# Introduction

This notebook demonstrates the use of SQL to analyze data from the TMDB (The Movie Database) SQLite database. The dataset contains comprehensive information about movies, including details about genres, languages, production companies, and cast. Through various SQL queries, we explore different aspects of the data to answer specific questions and gain insights.



## Project Setup
To begin, we'll need to set up our environment and connect to the TMDB SQLite database. This involves installing necessary packages and configuring SQL magic commands for Jupyter notebooks.

In [None]:
!pip install ipython-sql
!pip install SQLAlchemy<2.0

## Database Schema
The TMDB database consists of several interconnected tables. Here's an overview of the database structure:![SQL Architectures](https://raw.githubusercontent.com/Explore-AI/Public-Data/master/image/TMDB_ERD.JPG)

Once the packages are installed, load the SQL extension to enable SQL queries within Jupyter:

In [None]:
%load_ext sql

### Connecting to the Database
To connect to the TMDB database file saved in the same location as this notebook, use the following SQL connection string:

In [None]:
%%sql 
sqlite:///TMDB.db

## Data Exploration and Analysis

Let's dive into some interesting queries to extract valuable insights from our movie database.


### Examining the Movies Table Structure

We'll start by investigating the primary key of the 'movies' table to understand its structure.
Based on the entity-relationship diagram (ERD) provided, the primary key for the "Movies" table is movie_id. This is evident from the diagram where "movie_id" is listed at the top of the Movies table with a key icon next to it, indicating it is the primary key for that table.

### Analyzing Table Relationships

Next, we'll explore the relationships between tables by examining the foreign keys in the 'languagemap' table.

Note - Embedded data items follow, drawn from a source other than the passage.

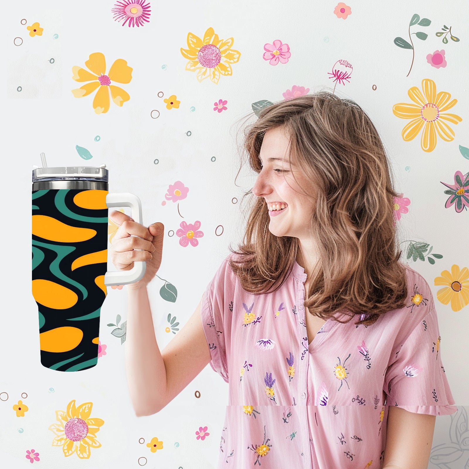 40 унций полностью напечатанный автомобильный стакан Color Waves
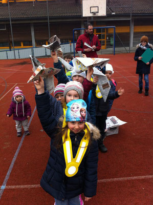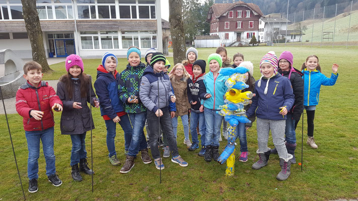 In Menznau waren der Kindergarten und die 1.-5. Klasse auf einem Postenlauf unterwegs. Die Eltern hatten die Möglichkeit entweder die Klasse zu begleiten oder als Einzelkämpfer teilzunehmen. Die Schülerinnen und Schüler der 6. Klasse betreuten die sechs Posten auf dem Schulhaus- und Rickenareal. Am Posten erhielten die Klassen die entsprechende Anweisung für die zu lösende Aufgabe. Mit dem Fingerabdruck malten die Schülerinnen und Schüler das neue Schülerratslogo. In der Rickenhalle musste der Müll feinsäuberlich getrennt werden. Auf dem roten Platz falteten die Kinder aus Zeitungspapier Flieger und liessen sie gleiten. Batterien dienten als Wurfgeschoss auf dem Schulhausareal. Mit den mitgebrachten PET-Flaschen erstellten die Klassen beim Gemeindehaus kreative Stehlen. In der Bibliothek probierten die Schülerinnen und Schüler die richtige Antwort auf ein paar Quizfragen zu finden. Als Sieger, wer hätte das gedacht, konnten die Jüngsten überzeugen. Gewinner des Postenlaufs war der Kindergarten 2. Herzliche Gratulation.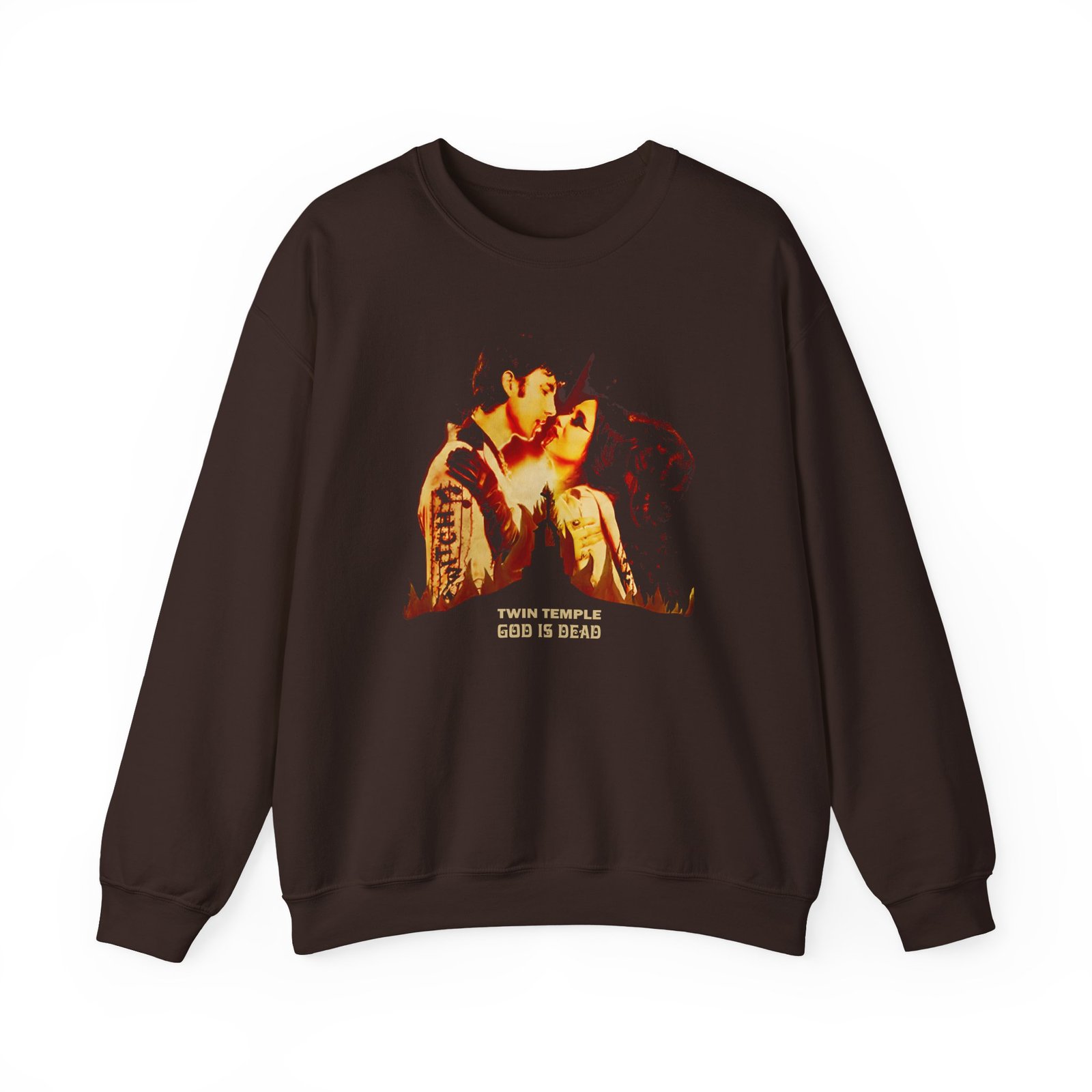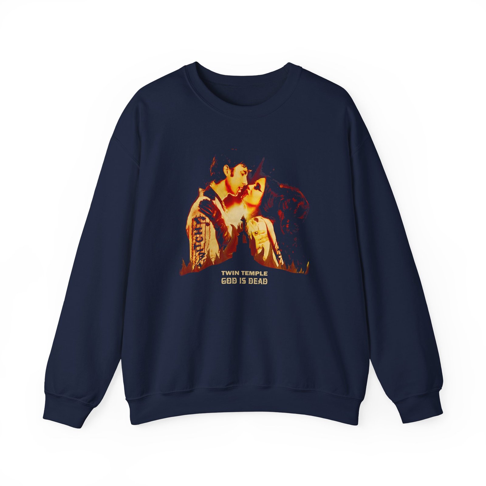 Ideal for any situation, a Twin Temple God is Dead Album Cover unisex heavy blend crewneck sweatshirt is pure comfort. These garments are made from polyester and cotton. This combination helps designs come out looking fresh and beautiful. The collar is ribbed knit, so it retains its shape even after washing. There are no itchy side seams on these sweaters.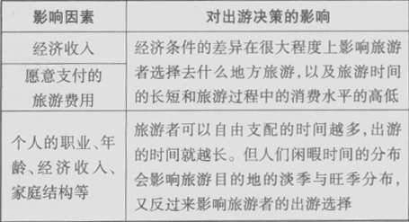 (2)影響出游決策的客觀因素: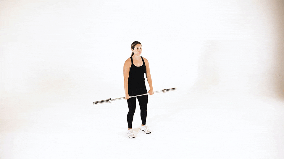 - برای شروع این تمرین؛ با یک هالتر جلوی پاهایتان شروع کنید و آن را کمی بالا ببرید تا موازی با ساق پاهایتان باشد.

Based on the ERD, the "LanguageMap" table has 2 foreign keys:

movie_id which links to the Movies table
iso_639_1 which links to the Languages table
These foreign keys establish relationships between the LanguageMap table and other tables, ensuring data integrity across the database.


### Creating Views for Unreleased Movies

To facilitate analysis of movies in production or pre-release stages, we'll create a view of all unreleased movies.


In [None]:
%%sql
CREATE VIEW Not_Released AS 
SELECT * 
FROM movies 
WHERE release_status <> 'Released';

### Exploring Movie Titles and Release Information

We'll query our newly created view to examine titles, release dates, and statuses of unreleased movies.


In [None]:
%%sql
SELECT title, release_date, release_status 
FROM Not_Released;

### Analyzing Original vs. Released Titles

Let's investigate how many movies have changed their titles from the original.


In [None]:
%%sql 
SELECT COUNT(*)
FROM movies
WHERE title != original_title;

### Finding the Most Popular Recent Big-Budget Movie

We'll identify the most popular movie released after 2000 with a budget exceeding $100 million.


In [None]:
%%sql
SELECT title, release_date, budget, popularity
FROM movies
WHERE release_date > '2000-01-01' 
  AND budget > 100000000
ORDER BY popularity DESC
LIMIT 1;

### Identifying High-Grossing Movies by Genre
We analyze which genres have produced the highest-grossing movies. This helps in understanding the financial success associated with different genres.

In [None]:
%%sql
SELECT COUNT(*)
FROM movies
WHERE original_language <> 'en';

### Number of Movies Produced by Pixar Animation Studios
We want to determine how many movies in the database were produced by Pixar Animation Studios.

In [None]:
%%sql
SELECT COUNT(*)
FROM Movies AS m
JOIN ProductionCompanyMap AS pcm ON m.movie_id = pcm.movie_id
JOIN ProductionCompanies AS pc ON pcm.production_company_id = pc.production_company_id
WHERE pc.production_company_name = 'Pixar Animation Studios';

### Number of Movies That Are Both a Romance and a Comedy


In [None]:
%%sql
SELECT COUNT(*)
FROM Movies AS m
JOIN GenreMap AS gm1 ON m.movie_id = gm1.movie_id
JOIN GenreMap AS gm2 ON m.movie_id = gm2.movie_id
JOIN Genres AS g1 ON gm1.genre_id = g1.genre_id
JOIN Genres AS g2 ON gm2.genre_id = g2.genre_id
WHERE g1.genre_name = 'Romance'
  AND g2.genre_name = 'Comedy';

### Most Popular Action Movie with Some German Language


In [None]:
%%sql
SELECT m.title, m.popularity
FROM Movies m
JOIN LanguageMap lm ON m.movie_id = lm.movie_id
JOIN Languages l ON lm.iso_639_1 = l.iso_639_1
JOIN GenreMap gm ON m.movie_id = gm.movie_id
JOIN Genres g ON gm.genre_id = g.genre_id
WHERE l.language_name = 'Deutsch'
  AND g.genre_name = 'Action'
ORDER BY m.popularity DESC
LIMIT 1;


### Movies Featuring Tom Cruise as Ethan Hunt

In [None]:
%%sql 
SELECT COUNT(DISTINCT c.movie_id) AS ethan_hunt_movies
FROM Actors a
JOIN Casts c ON a.actor_id = c.actor_id
WHERE a.actor_name = 'Tom Cruise'
AND c.characters LIKE '%Ethan Hunt%';

### Cate Blanchett's Oscar Nominations
To determine the number of Oscar nominations received by Cate Blanchett, the following query was executed:

In [None]:
%%sql 
SELECT COUNT(*) AS nomination_count
FROM Oscars
WHERE name = 'Cate Blanchett';

This query counts the number of nominations for Cate Blanchett by querying the Oscars table where the name column matches 'Cate Blanchett'.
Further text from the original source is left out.